日向市文化財

市指定文化財

無形民俗文化財(民俗芸能) 永田のひょっとこ踊り

所在地 / 日向市大字塩見永田地区
指定年月日 / 平成4年12月1日

 ひょっとこ踊りは、明治時代末期に永田で眼科医を開業していた橘公行が江戸の里神楽をアレンジし、広めたもので笛と太鼓、それに鉦の織り成す軽快なリズムにのって陽気に踊るまさに「日向」の名にふさわしい明るく健康的な大衆芸能である。踊りの構成は、笛・太鼓・鉦の拍子方が各1人で、踊り手もキツネとヒョットコ、それにオカメが1人づつ、他に10人ほどの若衆と最後に「箒踊り」を舞う男が1人おり、それぞれの役目に応じた面と赤着物に白帯、それに白足袋の姿で豆しぼりの手拭をかむる。またヒョットコや若衆は、ステテコを履き褌をしめ、拍子に合わせてキツネ、オカメ、ヒョットコ、若衆の順に登場して皆で円形に組み踊る。

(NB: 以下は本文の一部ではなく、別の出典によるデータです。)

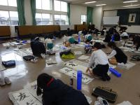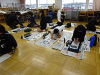 始業式の後に、書き初め大会がありました。冬休みの練習の成果を出そうと、みんな、真剣にとりくんでいました。書き終えた字も、みんな力作ぞろいでした。

箒踊りは、一連の踊りが仕舞えた後に箒を持って登場し、その場を掃き清める役割を担っている。
 もっとも一般に知られるひょっとこ踊りは、こっけいな芸態だけが強調され、その結果、本来の姿からかけ離れた踊りが市はもとより県内外にも波及して、各地に「連」と呼ばれる愛好家のグループができているが、永田のものは初午の縁日に区の稲荷神社に奉納することを目的にしているもので、正統な里神楽の系列に属する民俗芸能であり、橘氏が持ち込んだ本来の踊りを永く保存するため文化財の指定が行われたものである。